How are fireworks made - Things That Catch Fire or Go Bang - Why Is Milk White?: & 200 Other Curious Chemistry Questions (2013)

Why Is Milk White?: & 200 Other Curious Chemistry Questions (2013)

5. Things That Catch Fire or Go Bang

How are fireworks made?

Some simple fireworks, like sparklers, are safe enough to make at home. They are basically gunpowder recipes with added iron or aluminum to make the sparks and some sugar or starch in water to make a paste that sticks on the wire.

Firecrackers are gunpowder packed into cardboard tubes that act as the closed container needed to make noise. A fuse is often just gunpowder wrapped in tissue paper. The fuse burns slowly enough to let you get away from the firecracker before the gunpowder in the cardboard tube ignites and explodes.
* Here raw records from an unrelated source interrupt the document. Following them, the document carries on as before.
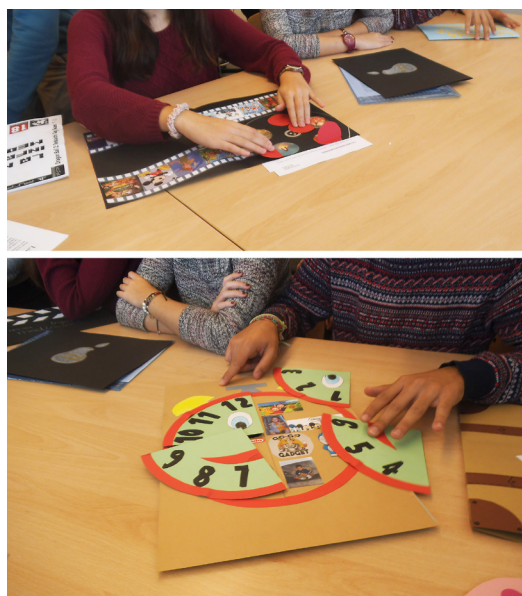
Figura 3. Puesta en común de los trabajos sobre narrativas visuales. Las pestañas permiten visionar distintos niveles de relato.

En la puesta en común de los trabajos también se evidenció que la mayoría veían las mismas series y jugaban a los mismos videojuegos, lo cual topaba con el mito de la diversidad que atraviesa los espacios educativos uniformes. Ahora bien, las cuestiones de género se hicieron fácilmente identificables. En las chicas, la Barbie, el tema de los cuidados en juguetes y videojuegos, y el gusto por utilizar scrapbooking . También la admiración por la maestra y el jugar a serlo. En los chicos, el movimiento, la lucha, el intercambio de tazos y cromos. Pero las cuestiones de género no solamente surgen de manera dualista, tener hermanos y amigos puede ampliar el abanico de gustos de las niñas y viceversa. Respecto a las diferencias étnicas, apenas se hicieron explícitas. En varios casos las madres compraron una muñeca negra, como instrumento contra el racismo, las cuestiones de raza y etnia no se mencionan más allá de las muñecas, juguete muy eficaz según explican las alumnas que la han tenido.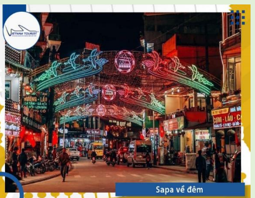
Sapa về đêm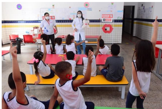
PROGRAMA DE HIGIENE BUCAL – PARCERIA COM O SESI

A Secretaria Municipal de Educação de São Luís – SEMED tem a responsabilidade de oferecer uma educação de qualidade social, comprometida com a aprendizagem significativa e integral das crianças, jovens, adultos e idosos, no âmbito de educação básica, visando a garantia de direitos ao conjunto orgânico e progressivo de suas aprendizagens.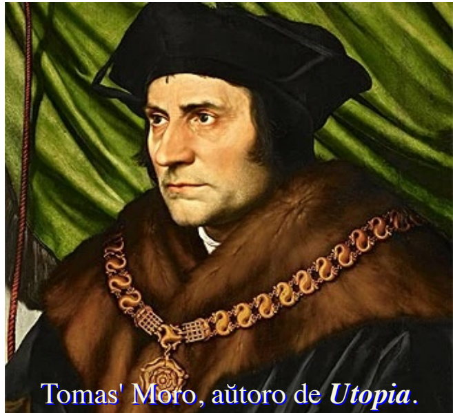
Tomas' Moro, aŭtoro de Utopia .

loĝloko ol tiam. Jes, nun ni havas pli bonajn higienon, medicinon, pli universaligitan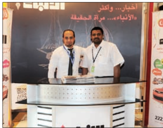
جناح «الانباء» في المعرض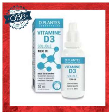
D PLANTE SOLUBLE 1000ui

Rockets are also often simple cardboard tubes filled with gunpowder, but with one end capped with a clay nozzle instead of being completely closed. When lit, the powder burns instead of exploding, and the hot gas comes out the nozzle. The force that it creates pushes the rocket away.

Mortars are small cannons made of cardboard tubes. A complex explosive device called a shell is lit and dropped into the tube. The bottom of the shell is a firecracker that explodes. This pushes the rest of the shell out of the tube into the air, where it can explode high above the spectators. It often has little bits of gunpowder called stars. These create the flower shapes as they burn brightly in the air after the shell explodes. The stars can have additives that make them burn brighter or burn in different colors.